:: What you will do ::
Wherever a picture sits, omit it. Output the rest of the listing exactly.

:: Recorded data ::

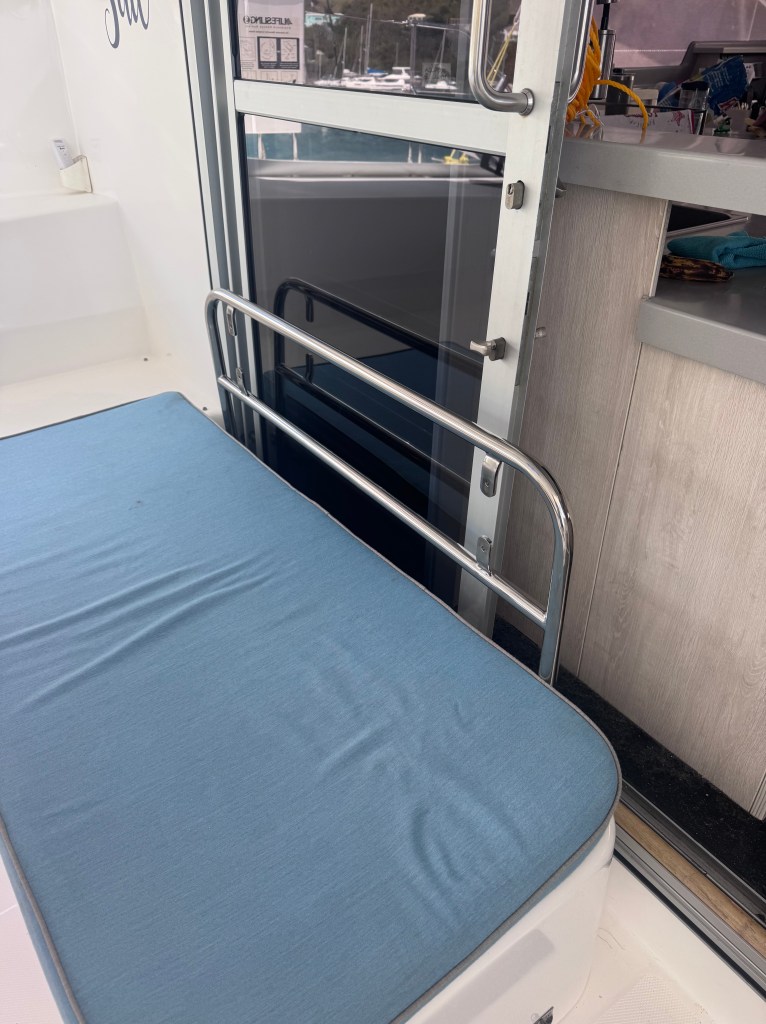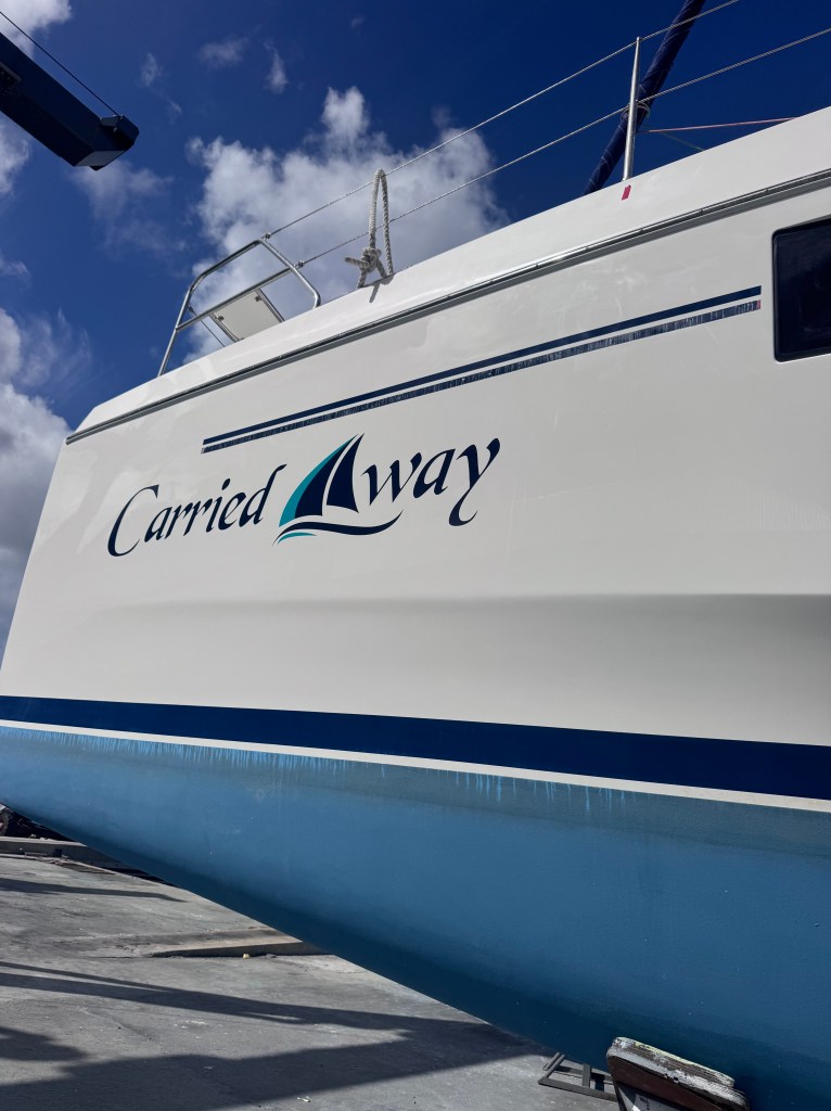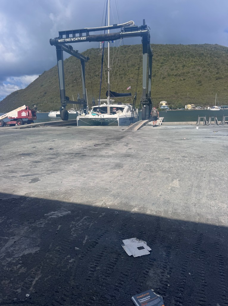 We had the boat hauled in Sopers Hole Tortola for what we hope to be the “third time is a charm” resetting of the rudder posts. And while she was “up on the hard” we also had them give the hull a nice clean and polish. We love the West End Boatyard – the owner Sharn is terrific. One small project we had been thinking about was adding a back rest to the cockpit seating area. Sharn helped organize all of it – really quickly. He got his friend Cleatus who runs a metal shop in Road Town to make the support within a week. We then worked with Doyle to design the cushion which required getting a piece of Starboard from a local manufacturer – who cut and had it ready in 15 minutes! It was a blast driving around to all the local purveyors to get it done. The cushion will take some time to make so we’ll stop back in late February to pick that up.
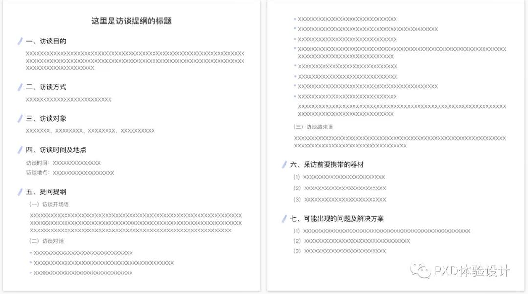 访谈提纲主要作用是记录访谈的背景信息以及预先准备好的问题,一方面在访谈时充当备忘录的作用,另一方面也方便他人阅读时快速了解访谈发生的背景与条件。访谈提纲一般由访谈目的、访谈方式、访谈对象、访谈时间及地点、提问提纲、采访前要携带的器材、可能遇到的问题及解决方案。如图:
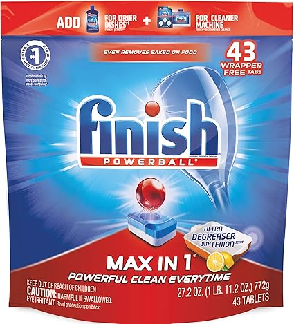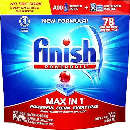 Fulfilled by Amazon . 0 in cart . Finish Dishwasher Salt - 2 kg . 4 .5 out of 5 stars 1,037 . . . Finish Power Ball All In 1 Max Dishwasher Tablets 48's Pack Of 2 . 1 .0 out of 5 stars 1
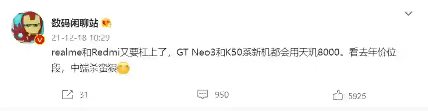 Redmi / realme 天玑 8000 新机曝光

:: Problem solution ::
 We had the boat hauled in Sopers Hole Tortola for what we hope to be the “third time is a charm” resetting of the rudder posts. And while she was “up on the hard” we also had them give the hull a nice clean and polish. We love the West End Boatyard – the owner Sharn is terrific. One small project we had been thinking about was adding a back rest to the cockpit seating area. Sharn helped organize all of it – really quickly. He got his friend Cleatus who runs a metal shop in Road Town to make the support within a week. We then worked with Doyle to design the cushion which required getting a piece of Starboard from a local manufacturer – who cut and had it ready in 15 minutes! It was a blast driving around to all the local purveyors to get it done. The cushion will take some time to make so we’ll stop back in late February to pick that up.
 访谈提纲主要作用是记录访谈的背景信息以及预先准备好的问题,一方面在访谈时充当备忘录的作用,另一方面也方便他人阅读时快速了解访谈发生的背景与条件。访谈提纲一般由访谈目的、访谈方式、访谈对象、访谈时间及地点、提问提纲、采访前要携带的器材、可能遇到的问题及解决方案。如图:
 Fulfilled by Amazon . 0 in cart . Finish Dishwasher Salt - 2 kg . 4 .5 out of 5 stars 1,037 . . . Finish Power Ball All In 1 Max Dishwasher Tablets 48's Pack Of 2 . 1 .0 out of 5 stars 1
 Redmi / realme 天玑 8000 新机曝光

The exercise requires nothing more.